■ EXERCISE BRIEF
What you return should be every line below, word for word, and none of the images.

■ DATASET EXCERPT
• • • • • • •
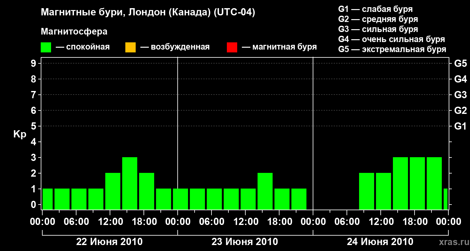 Магнитные бури Лондоне (Канада) 24 июня 2010 года
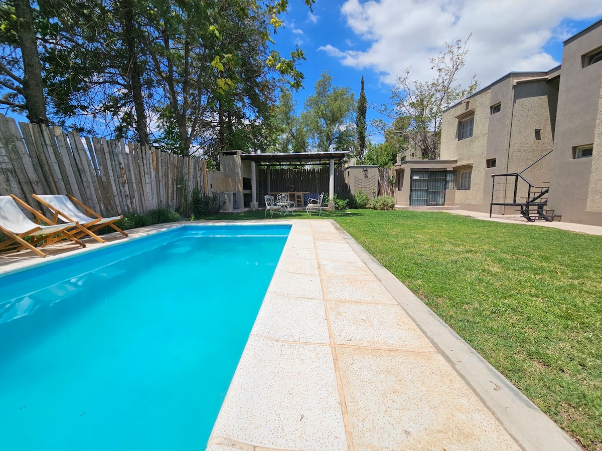 Een unieke plek. Een ruimte om volledig te ervaren. 13 km van de stad Mendoza en binnen het circuit "Wine Roads". Met een eigen uitgang, exclusieve overdekte garage, uitstekende wifi, een queensize bed, eigen badkamer, tv, koelkast, elektrische oven, magnetron, waterkoker, beddengoed en badlinnen en zwembadhanddoeken. We hebben ook een split-screen tv en een kluisje. We blijven comfort en rust toevoegen om je verblijf in onze ruimte onvergetelijk te maken.
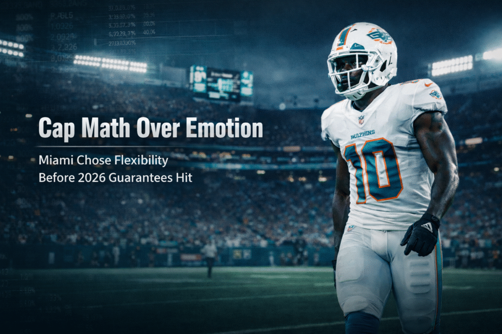 Tyreek Hill’s exit from Miami reflects the deeper mechanics of modern NFL decision making. Star production builds brand value, but cap projections determine sustainability. Injury timelines shift negotiating power. Contract guarantees activate strategic checkpoints. Teams no longer react to emotion. They model scenarios years ahead. Hill’s release was not impulsive. It was aligned with financial structure, medical projection and roster balance.
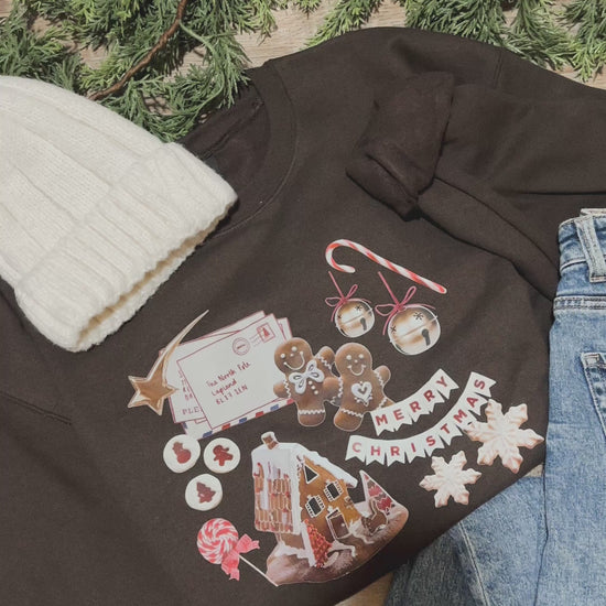 Peppermint espresso martinis, ginger bread houses, and holiday music in the background, the perfect night with your besties in your new holiday scrapbook sweatshirt: Cookies for Santa!
• • • • • • •
■ ANSWER
 Магнитные бури Лондоне (Канада) 24 июня 2010 года
 Een unieke plek. Een ruimte om volledig te ervaren. 13 km van de stad Mendoza en binnen het circuit "Wine Roads". Met een eigen uitgang, exclusieve overdekte garage, uitstekende wifi, een queensize bed, eigen badkamer, tv, koelkast, elektrische oven, magnetron, waterkoker, beddengoed en badlinnen en zwembadhanddoeken. We hebben ook een split-screen tv en een kluisje. We blijven comfort en rust toevoegen om je verblijf in onze ruimte onvergetelijk te maken.
 Tyreek Hill’s exit from Miami reflects the deeper mechanics of modern NFL decision making. Star production builds brand value, but cap projections determine sustainability. Injury timelines shift negotiating power. Contract guarantees activate strategic checkpoints. Teams no longer react to emotion. They model scenarios years ahead. Hill’s release was not impulsive. It was aligned with financial structure, medical projection and roster balance.
 Peppermint espresso martinis, ginger bread houses, and holiday music in the background, the perfect night with your besties in your new holiday scrapbook sweatshirt: Cookies for Santa!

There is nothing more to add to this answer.